If you haven’t been paying close attention to the FTC, you’re forgiven. It can be a bit of a snoozefest until you really understand what they’re up to. But the basics are as follows. Biden nominated a woman named Lina Khan to run the agency, and she hates capitalism. Like really hates it.
It’s important to know that because the FTC allegedly exists to “protect” capitalism. Having a government agency “protect” the free market is like having a fox protect the henhouse—no one else is trying to harm it in the first place. But, you will still have any number of people tell you that is the mission of the agency with a straight face.
Khan has been gunning to rev up antitrust policy in the US since taking over, and her latest lawsuit against Microsoft is the most recent attempt. (As I explained in this primer, antitrust, where the government “breaks up” businesses, is an inherently anti-capitalist policy in and of itself).
The FTC case against Microsoft is pitiful. "It’s trolling on a multimillion-dollar govt budget, and while it’s beneath the dignity of an institution dedicated to a level playing field for businesses and consumers alike, it's on brand for Lina Khan."https://t.co/NHxEpKMjQM
— Stephen Kent (@Stephen_Kent89) June 28, 2023
In the case of FTC v. Microsoft & Activision Blizzard, the FTC is arguing that Microsoft should not be able to acquire Activision-Blizzard because it would reduce competition in the cloud-based gaming industry. Activision’s top game is Call of Duty, which they license and make available on all gaming platforms, not just their own popular console, Xbox.
But for whatever reason, Khan and her team seem to be specifically concerned with Sony’s access to the game. As Stephen Kent of the Consumer Choice Center recently wrote for The Hill, “Microsoft has offered a number of long-term licensing deals during this process to display good faith and disinterest in cutting off Sony from its major titles. It’s bad business for both parties. At the outset of the hearings, it was revealed via internal emails from within Sony, the unquestioned global leader in video game consoles and chief advocate of the FTC’s crusade, that they didn’t really care much at all about Call of Duty. In the words of Sony CEO Jim Ryan about Microsoft-Activision, ‘I don’t want a new Call of Duty deal. I just want to block your merger.’”

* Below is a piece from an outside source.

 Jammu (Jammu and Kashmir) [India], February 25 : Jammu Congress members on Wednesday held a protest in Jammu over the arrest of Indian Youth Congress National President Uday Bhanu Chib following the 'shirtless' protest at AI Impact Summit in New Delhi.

So the FTC is basically just going to bat for Sony and doing their bidding on the taxpayers’ dime? That’s how it appears.

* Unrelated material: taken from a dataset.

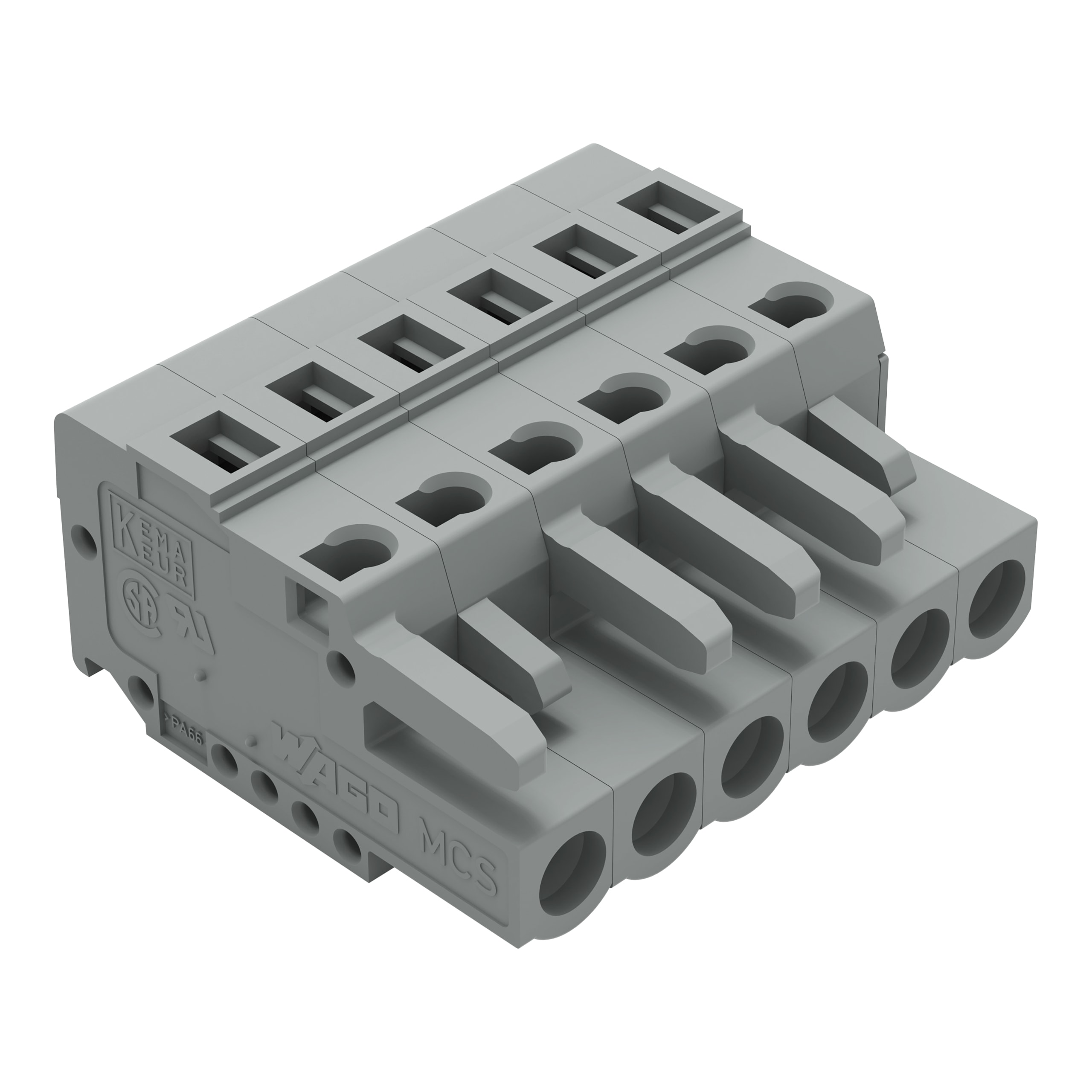 Spina femmina per 1 conduttore. CAGE CLAMP®. 2,5 mm2. Passo pin 5 mm. 6 poli. con piastra terminale integrata. 2,50 mm2. grigio

This is really how antitrust almost always works. It’s the same old game with the government picking winners and losers, and at the end of the day, it’s merely a trojan horse for the government to seize more control of private businesses and the free market (again, NOT capitalist).
Capitalism invites competition. When a product succeeds it becomes a mark for innovators to surpass, develop cheaper alternatives to, or recreate. We don’t need the government to make that happen. And it should insult everyone that the FTC is currently wasting our taxpayer dollars debating the uniqueness and availability of a stupid video game.

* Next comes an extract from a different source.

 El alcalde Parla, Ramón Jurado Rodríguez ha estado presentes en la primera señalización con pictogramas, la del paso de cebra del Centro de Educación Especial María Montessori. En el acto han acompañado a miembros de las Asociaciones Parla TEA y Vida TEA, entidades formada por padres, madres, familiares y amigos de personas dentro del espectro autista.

But don’t expect this to be the last of the foolishness, not by a long shot. The FTC is also gearing up to go after Amazon for the high crime of the company leveraging “its power to reward online merchants that use its logistics services and punish those who don’t.” You got that right. Amazon is in trouble for rewarding merchants who use its services. How dare they?
The FTC is expected to file an antitrust case against Amazon in the coming weeks that will focus on the e-commerce giant's online marketplace https://t.co/Skvm9X6vqV
— Bloomberg (@business) June 29, 2023
A conservative-backed legal precedent known as the consumer welfare standard has held back this kind of government corruption for decades. It dictates that in matters of antitrust, judges must only rule against a company if it is actually a monopoly (rare), and it has used that monopoly power in a way that harms consumers.
Since these conditions are almost never met (because this is all a sham), the government’s ability to weaponize antitrust against the market has been limited. And that’s why so many are gunning to get rid of it, including Democrats like Amy Klobuchar, Republicans like Josh Hawley, and especially Lina Khan.
And that’s because this isn’t about competition. It certainly isn’t about what’s best for consumers as the targets of these initiatives are fan favorites with the masses who continue to vote with their dollars and support their offerings. This is about control.
Disclaimer: Hannah is a Consultant for Netchoice, which works on these issues.